172 So.2d 285 (1965)
247 La. 461

Successions of Louis Robert WEBRE and Ulyssia Landry, wife of Louis Robert Webre.

No. 47373.

Supreme Court of Louisiana.

February 23, 1965.

*286 Guzzetta & LeBlanc, Thibodaux, for applicant.

Martin, Himel & Peytavin, New Orleans, for defendants-respondents.

SANDERS, Justice.

This is a succession proceeding. Certain children and grandchildren of Louis Robert Webre and Mrs. Ulyssia Landry Webre, the decedents, seek an inventory and administration of the estates. They also seek to annul as simulations separate conveyances of land by the decedents to two other children, Septime Raymond Webre and Ada Webre Boudreaux. Alternatively, the petitioners pray for collation of the property.

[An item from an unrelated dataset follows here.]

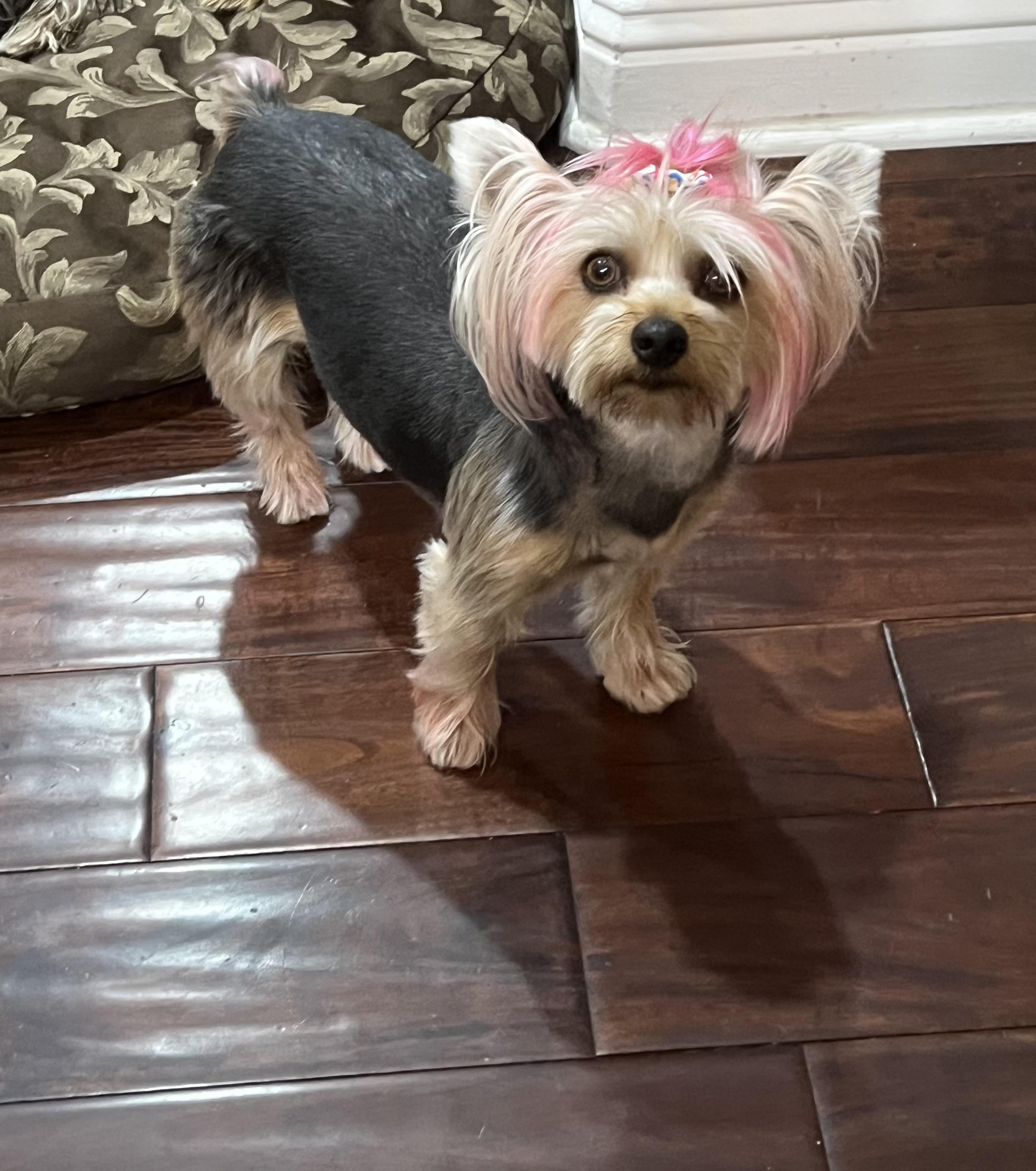 Cookie is a female Yorkshire Terrier. Carefully selected as a great representative of her breed, Rayshawn decided to make her part of their program. Rayshawn has passed Good Dog’s screening process, which involved a review of their breeding practices, environment, and the mental and physical health of their dogs.

The assailed conveyances were executed on February 15, 1938. Louis Robert Webre died on September 25, 1940; his wife, Ulyssia Landry Webre, died on November 10, 1947. The petitioners brought this proceeding on November 6, 1950, more than ten years after the death of Louis Robert Webre.

In the answer filed, the defendants asserted the validity of the conveyances and resisted collation. They also pleaded the prescription of five years under LSA-C.C. Article 3542 and of ten years under LSA-C.C. Article 3544 as to the conveyance made by Louis Robert Webre.

On September 26, 1962, the petitioners sought to file a supplemental and amended petition alleging alternatively that if it should be found that the defendants had paid any consideration for the land, then the price was very low, being an advantage to be collated by the defendants under LSA-C.C. Article 1248. The defendants objected to the supplemental petition, and the Court maintained the objection.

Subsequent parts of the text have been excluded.